Cette relativité du terme « contemporain » (comme d'ailleurs de presque tous les termes rapportant à un courant artistique) invite à se pencher sur les raisons et les facteurs d'une telle qualification. Il n'est pas question ici d'inventorier les partis pris esthétiques dont relèvent les multiples délimitations du champ de l'art contemporain. Il s'agit plutôt, comme l'a proposé N. Heinich, de retenir une acception qui soit celle des acteurs pris en considération dans les sciences sociales plutôt que de se placer sur le plan théorique de l'esthétique ou de l'histoire de l'art.
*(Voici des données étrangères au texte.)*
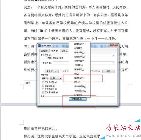 之后對(duì)話(huà)框下面會(huì)彈出一欄,然后找到特殊符號(hào),點(diǎn)擊,然后會(huì)列出各種符號(hào),選擇腳注或者尾注,點(diǎn)擊。

On travaillera ainsi sur une définition de l'art contemporain qui soit historique, dans la mesure où ce qui nous intéresse en premier lieu concerne l'art produit à l'époque contemporaine, mais aussi interactionniste, en considérant l'identification des acteurs à l'art contemporain. En d'autres termes : lorsqu'un acteur, galeriste, artiste ou institution, se revendique de l'art contemporain, il fait partie de notre champ d'étude. Il s'agit, à partir d'une telle définition et dans la lignée de ce que proposent plusieurs sociologies de l'art, de tenir compte des représentations des acteurs plus que d'appliquer une définition figée de l'art (Becker, 1988; Heinich, 1998; Moulin, 1999). Cette posture permet de tenir compte des processus sociaux et spatiaux de reconnaissance de la valeur artistique autant que de la valeur esthétique des œuvres (Heinich, 2004). 29 « Mouvement ainsi baptisé en Angleterre par le critique Lawrence Alloway [...] le pop art a contribué à l'intégration des nouvelles formes de la culture populaire (bande dessinée, publicité, etc.) dans l'art et a, en retour, exercé une certaine influence sur cette culture elle-même. » (Millet, 2006:192)
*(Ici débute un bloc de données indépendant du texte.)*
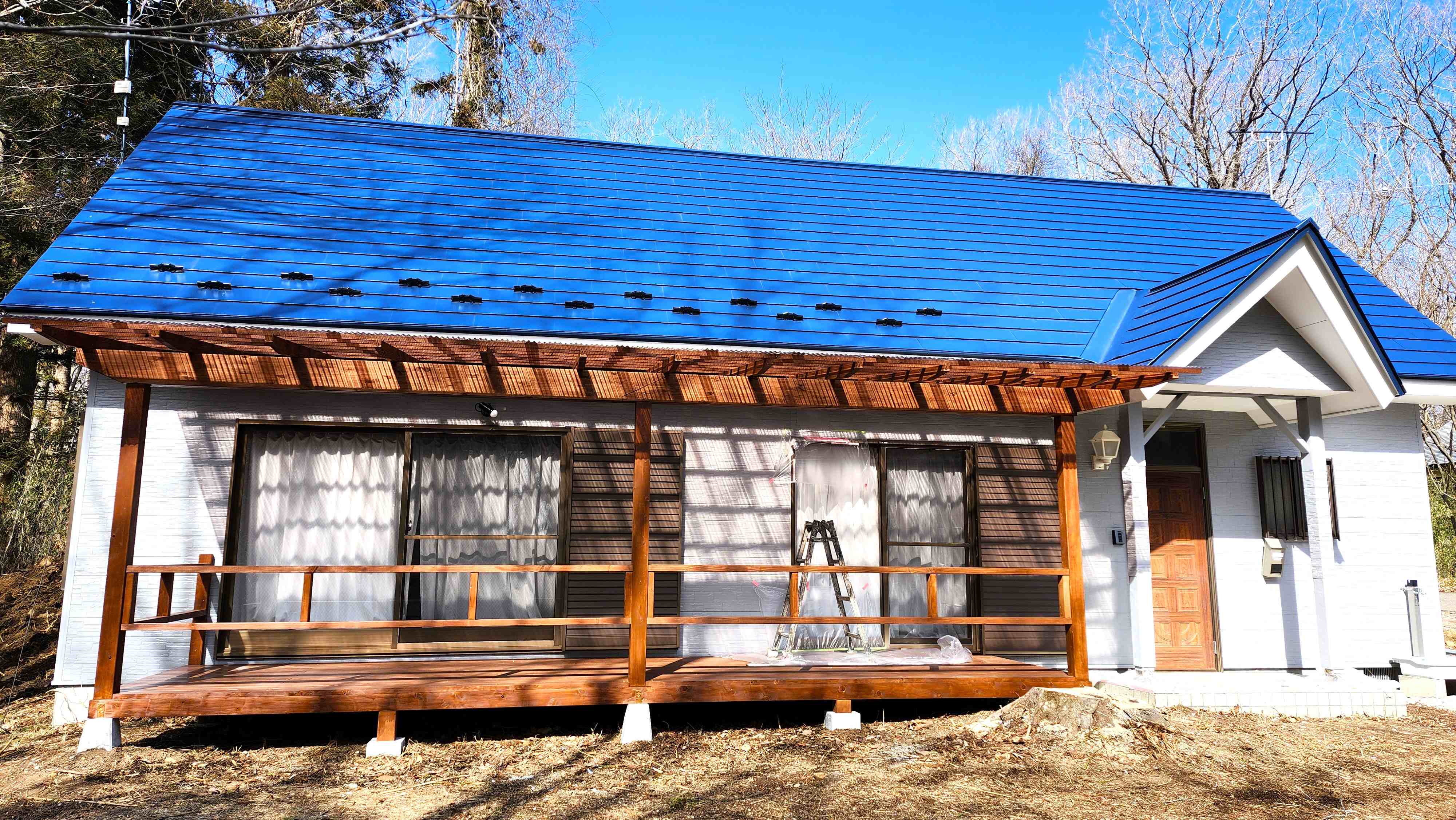 清流沿い100坪、1LDK。屋根の葺替工事から浄化槽新設工事まで、内外装全面リニューアル物件です。広々、軒付ウッドデッキ有り。駐車場も2台分の確保済みです。~物件情報/那須高原別荘村「繭の里」

Elle permet au géographe d'interroger les lieux de production et de diffusion de valeurs artistiques rattachées à l'art contemporain aujourd'hui, dominant aussi bien sur le marché que dans les expositions, avec la multiplication des lieux d'expositions comme les galeries, à l'aune de la transformation du marché de l'art au XIXème siècle (Moulin, 2009b). Dans la continuité des travaux réalisés en sociologie de l'art, et plus rarement en géographie, il s'agit d'interroger les conditions de la production plastique contemporaine et de sa labellisation. Cette thèse se propose d'explorer de manière approfondie les ressorts spatiaux de la production artistique contemporaine mais aussi de sa reconnaissance. Ceux-ci attirent de plus en plus l'attention des sociologues et des historiens de l'art, notamment à l'aune du « tournant géographique » qu'ont connu les sciences sociales (Besse, 2010). Quelques travaux analysent la dimension internationale de l'art contemporain (Quemin, 2002; Veschambre, 1998). Par ailleurs, les artistes sont de plus en plus considérés comme des acteurs de la production de l'espace urbain (Ambrosino, 2009; Ley, 2003; Markusen et Schrock, 2006; Vivant, 2006). C'est à la croisée de ces deux angles d'approche que je propose de poursuivre l'analyse des conditions locales de la production artistique en formulant l'hypothèse d'un usage distinctif de l'espace dans l'art contemporain d'une part et d'une internationalisation de l'art contemporain relative au contexte de monstration de ce dernier, différent à Paris et à Berlin, d'autre part. Ces deux hypothèses sous-tendent l'ensemble du travail qui est présenté dans les parties 2 et 3 de la thèse. Elles s'appuient à la fois sur les travaux qui ont identifié des lieux artistiques à différentes échelles et sur les distinctions fonctionnelles qui ont pu être établies entre ces lieux et leurs acteurs.